The discussions in the chapter relate to some interesting ideas, like the critical nature of drop formation in upper atmosphere, comparison to nucleation by particles which might relate to seeding clouds, nucleation points for crystal formation in undercooled water, but I couldn't get my head around all of it.

p161 Glassy water is possible, but if cooling is rapid, ice crystals will usually form. Discusses fast cooling experiments such as spraying aerosol water on cold copper plates.

p Discusses amorphous solid water

p Superheated water as pure droplets in immiscible oil to 552.7K - eventual boiling is explosive.

Chapter 13 Supersaturated and Solid Aqueous Solutions

p163 You can mix H and O gases and get a stable mixture, but if you add MnO2 they react explosively to form water.

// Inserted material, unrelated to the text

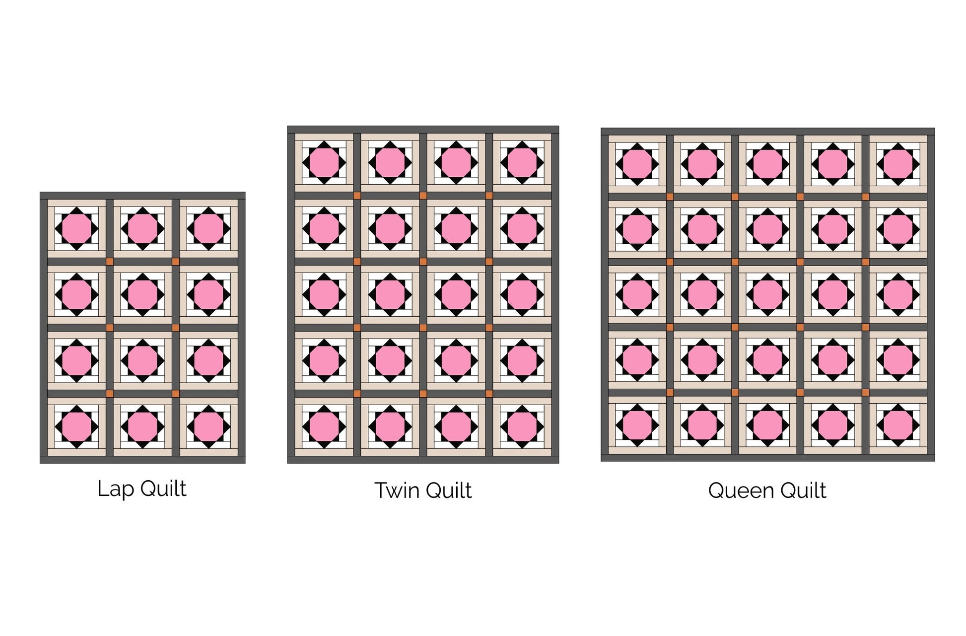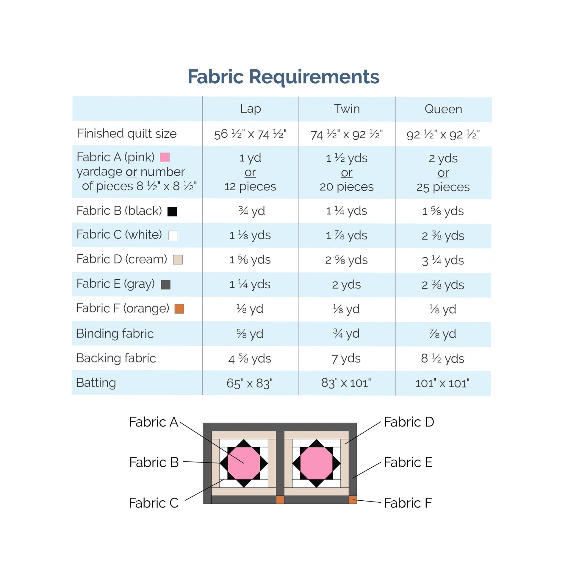 The pattern includes instructions for three sizes: lap, twin, and queen. See the pictures above for illustrations of the different sizes and fabric requirements for each size.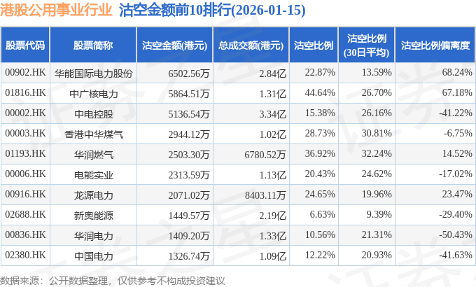 从沽空金额来看,华能国际电力股份、中广核电力、中电控股沽空金额位居行业前三,分别为6502.56万港元、5864.51万港元、5136.54万港元。

p164-5 NaCl solutions increase concentration with cooling Fig 13.1, 13.2

p166-7 Sucrose-water solutions, Fig 13.3

p168-176 too detailed and specific for me to follow

p177-179 Implications for drying processes - the science of drying

p179- 186 Natural freezing and drought resistance and other implications for plants

Chapter 14 Water Availability, Usage and Quality

p187 Water availability. Says that earth's water resources are recycled 37 times annually. All precip would cover globe to 0.5m if uniform.

p188 70% of rainfall evaporates, 30% runoff - total amount recycled is only 0.003% of total freshwater

p188 Oceans eventually receive 90% of total runoff. Less than 3% of world's available freshwater is in streams and lakes.

p189 Underground water flow 33-40% of total runoff.

p189 80% of present supplies are drawn from surface sources, but 5 states including Arkansas get over half from groundwater.Eight others 25-50%.

p189 Semi-arid agricultural countries such as India (>90%) get majority of water from groundwater.

p189-190 India discussion

p191-193 Water management programs

p193-196 Water enhancement by climate modification

p196-202 Water quality and pollutants

p204-206 Pure water in medicine and industry

Chapter 15 Economics and Politics

p207-209 Economics of water consumption and list of measures for ensuring adequate supply.